This movie is so forgettable that I watched it awhile back and completely forgot about. And then re-watched it today and wished I’d hadn’t. For the record, I have spent just over 2.5 hours of my life watching Breeders.
The plot centers on a bunch of horny shape-shifting bug-eyed aliens intent on impregnating Manhattan’s bevy of 1980s nubile virgins. Mostly, though, the film is about showing off breasts in all shapes and sizes. Something it does very well. The chicks in this movie disrobe at an alarming rate. If there is a female on screen by herself for more than three seconds, she gets naked – regardless of the locale. Something virgins are known for, of course. Getting naked in random places.
This is a bad movie. Make no bones about it. Within the first three minutes the quality level, or lack thereof, becomes painfully obvious. Then the female doctor starts talking and the film moves on to lows nearly unheard of in thespianism. Honestly, the vast majority of pornographic performers are more convincing. The doctor, is however, more far more believable than the supposedly virgin model who has a thing for cocaine and being naked. Makes sense, right? Coked up model-types are usually pure as the driven snow. The model’s best acting comes from her ability to stretch naked for extended periods of time. It’s a tough job, but someone had to do it.
Speaking of thespians, why does everyone in the movie pause for dramatic effect before saying the word “virgin” in a sentence? Oh, that’s right. The pause gives the chance for a piece of clue music to be played. Like the music in old school Nintendo Zelda when a new puzzle is unlocked.
The majority of the movie involves the doctor and a detective wandering around and practicing wooden acting while falling in love. This happens even after the doctor at one point says, “It’s a case like this that makes me want to kill every man ever born.” Sounds like the kinda woman that guys would be flocking to spend time with. I know I want a date.

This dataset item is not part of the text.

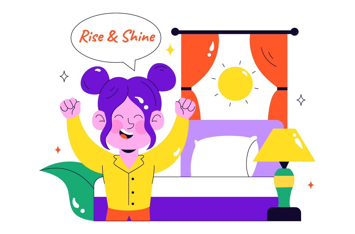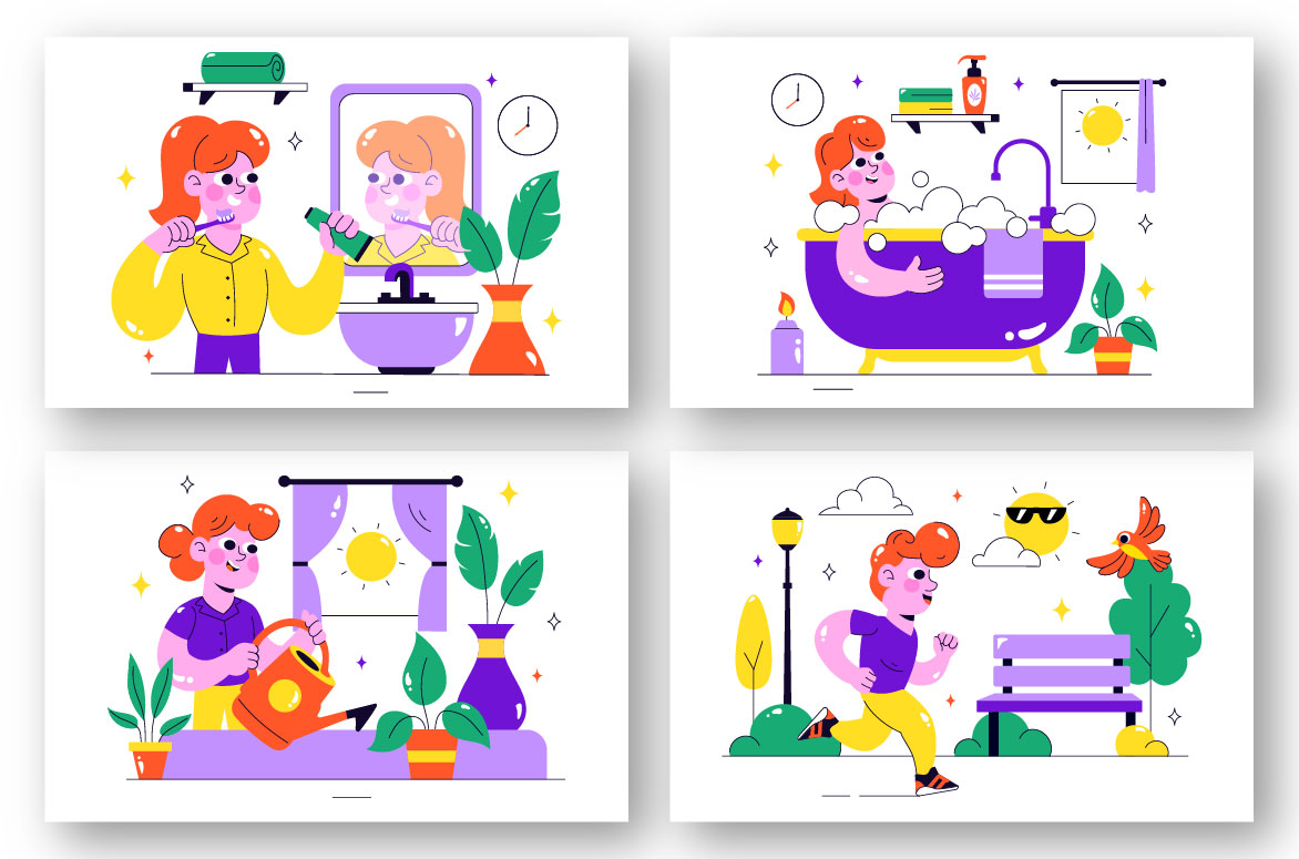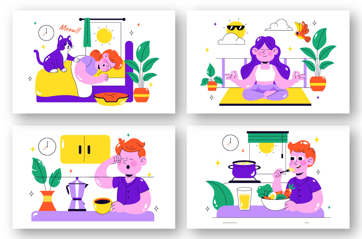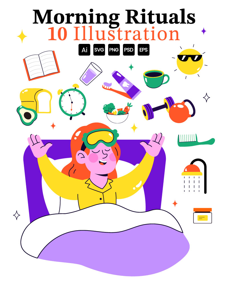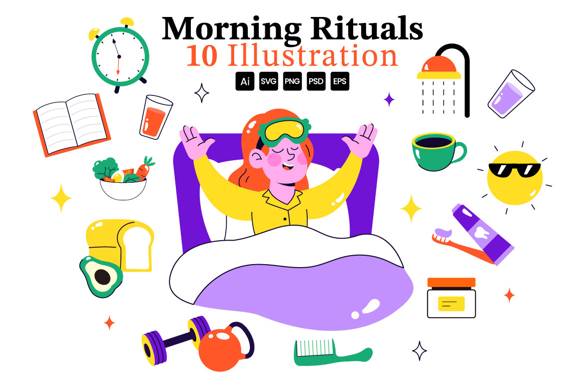 Morning Rituals Vector Illustration featuring People Doing Their Morning Routines and Practicing Healthy Lifestyle Habits in a Style Background Suitable for Poster, Web Banner, Brochure, Landing Page and Others Background Template Features:

Now onto the alien sperm bath. This is clearly the filmmaker’s sole reason for making this boob-laden flick. The aliens travel from galaxies light years away to ejaculate all over and in Earth hotties, typically dowsing them fire hydrant quantities of baby batter. That totally makes sense. Earth has a lot of babes and aliens have been obsesses with them for years. But that is nothing compared to the vat of sperm that a bunch of nuded up “virgins” frolic in. This scene is particularly noteworthy because gratuitous T&A seemed to be the only point. Then again, that is the whole point of the movie –freeing sweater puppies from the tyranny of the shirt.